The correct exercise practices can help ensure a long, healthy, happy life

Keeping fit, both mentally and physically, is imperative for teenagers.
Remote school, food delivery services, and screen-time pastimes can dramatically reduce the time we spend on our feet, leading to less exercise, and more stress that reduces mental productivity and upsets emotional balance.
So getting up and moving is a critical part of staying healthy. Developing healthy habits in the impressionable teen years leads to greater health and satisfaction in the short term. It also sets up habits that can lead into adulthood.
Why Exercise?
The CDC says regular physical activity can help children and adolescents improve their cardio and respiratory fitness significantly. This lets them build strong bones and muscles, maintain weight loss and gain, and reduce the risk of developing deadly health conditions, such as heart disease and cancer.

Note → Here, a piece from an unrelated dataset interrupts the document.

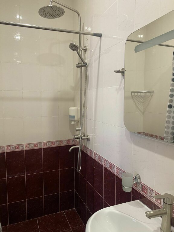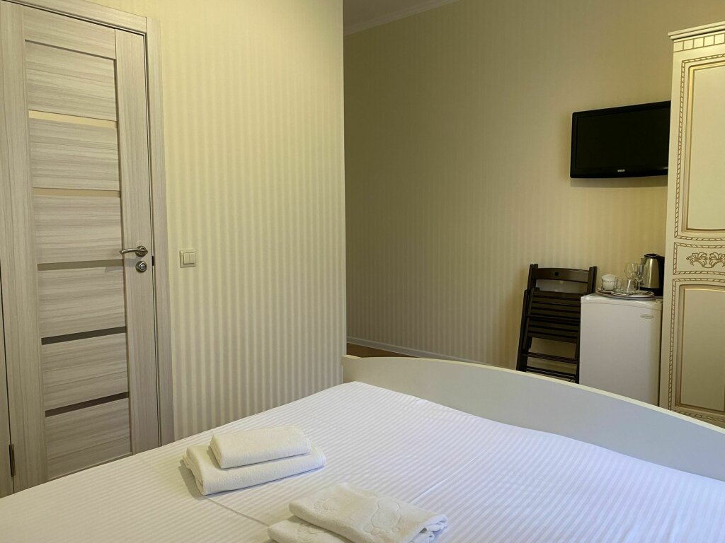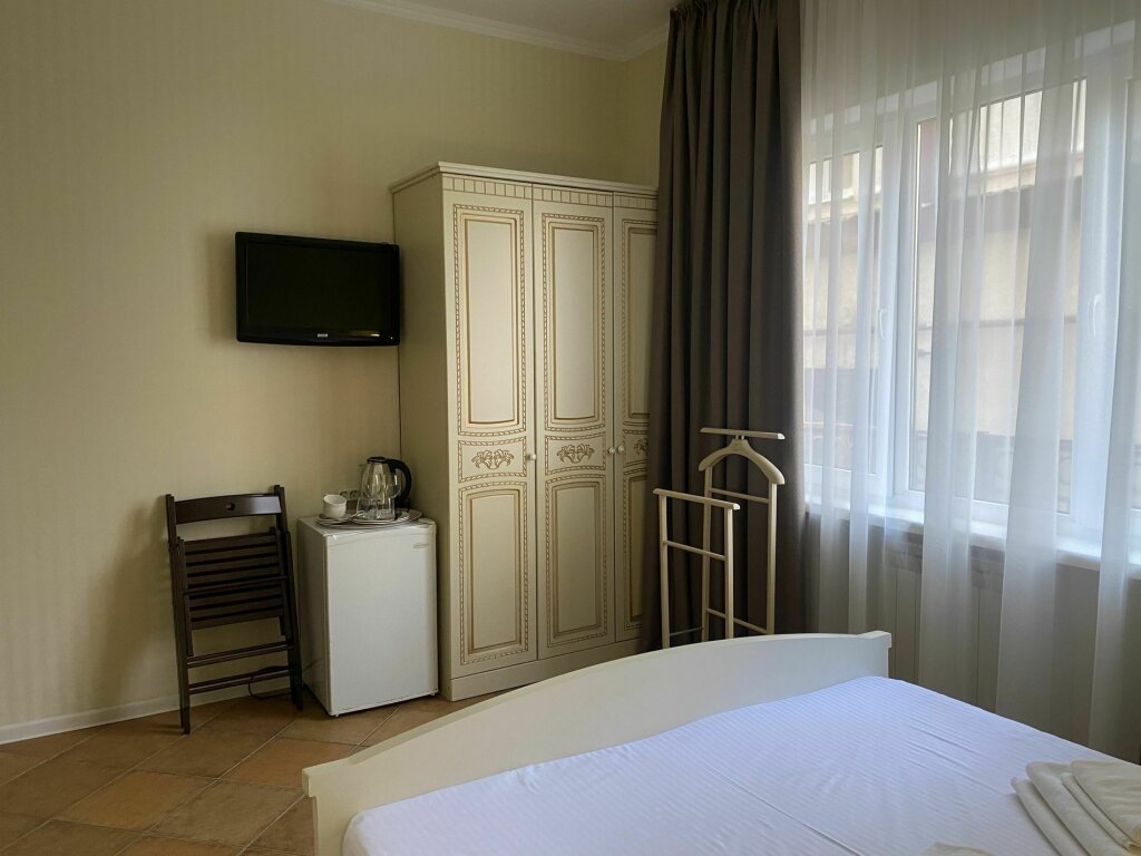 Двухместный номер, расположен на первом этаже. Комплектация: двуспальная кровать мебельный гарнитур вместительный шкаф, зеркало, прикроватные тумбочки постельное белье и полотенца тапочки собственная ванная комната с душем туалетные принадлежности фен электрочайник набор посуды (тарелки, вилки, ножи, чайные ложки, бокалы, чайная пара, стаканы под воду, штопор) холодильник телевизор сплит-система Wi-fi
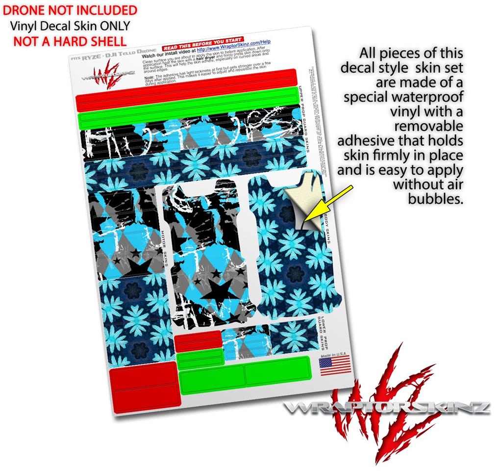 WraptorSkinz® skin wraps are printed using superb photo quality designs and vibrant colors printed with special fade resistant inks that last even in direct sun for years. WraptorSkinz are a composite of two layers of commercial grade materials. The bottom layer is a soft, flexible vinyl with a special removable adhesive that is easily positioned, applied without air bubbles. Next we print the bottom layer with UV protected, fade resistant inks that deliver superb photo quality designs in vibrant colors. Finally we bond a professional grade laminate over the entire skin adding a glossy protective finish. This product is not affiliated with or endorsed by the Ryze or DJI brand.

Staying fit also tremendously benefits one’s mental health. Improved self-esteem is a key benefit of regular physical activity. Exercise releases chemicals called endorphins, which reduce your perception of pain. Endorphins also trigger positive feelings, similar to that of morphine, the symptoms of which they mimic. According to medical writer Dr Debra Fulghum Bruce, regular exercise can ward off anxiety and depression, improve sleep and reduce stress.
How Much Exercise?
According to the Department of Health Services, children and adolescents aged 6 through 17 need to be active, doing moderate to vigorous physical activity for at least 60 minutes every day. It is important, though, to avoid too much exercise. Overexerting yourself can lead to disturbed sleep, high hormonal fluctuations leading to mood swings and irritability, vulnerability to injury, soreness, excessive fatigue, and possible irregularity of the menstrual cycle. It can also take a toll on your mental health. There can be more symptoms of anxiety and depression, isolation, stress surrounding the need to work out. Excessive focus on the body can lead to disordered eating and a compulsion to burn excessive calories.
What to Do?
Start easy, first practicing some of these activities for 30 to 45 minutes daily: pleasure walking, climbing stairs, dancing, and home mat exercises. Physical activities that are continuous cause the heart rate and breathing rate to increase and build up a teen’s capacity for exercise. Such activities may include brisk walking, running, swimming, cycling, regular outdoor sports and jumping rope. Overall, it is important to have a wholesome plan that includes equal parts of cardio, strength, and mobility work. Teenagers can gain from weight and agility training. However, exercise should also focus on the mental aspects. Practicing things mindfully — such as with yoga, breathing exercises and meditation — to help reduce stress and anxiety. It allows your body to be calmer. This is increasingly relevant for those restless teenagers who are always looking to the next big thing.
Exercise in a Busy Schedule
Today’s teenagers are not kids that spend their time compulsively playing. Rather, they are young adults with goals and schedules. What’s important is finding time to keep oneself healthy and fit.
Here are a few quick tips that may help to inculcate fitness in the day-to-day of a bustling teen:
- Take a quick screen break every hour for 10 minutes: Studies suggest that an average attention span is between 30 and 35 minutes. So a 10-minute break after a maximum of 45 to 60 minutes is a must. During it, you can shut off your screen, take a walk, stretch a little and maybe do some jumping jacks.
- An empty water bottle is a sign to get up: The water running out is a signal for you to get up and fill up the bottle. This lets you move your body and hydrate yourself. Try using the filled bottle as a weight, and do 10 to 15 reps of it with each hand.
- Take a 20-minute walk after consuming a meal. This will aid your digestive system in moving faster and breaking down foods and juices more easily.
- No taking calls sitting down. Immediately get up to receive them. This will make sure your body is moving.
- Do 5 burpees after every email sent. It helps you get in that necessary cardio.
Your body will function only as much as you will allow it to. Keeping fit, physically and mentally, could help you to lead a long, healthy and happy life.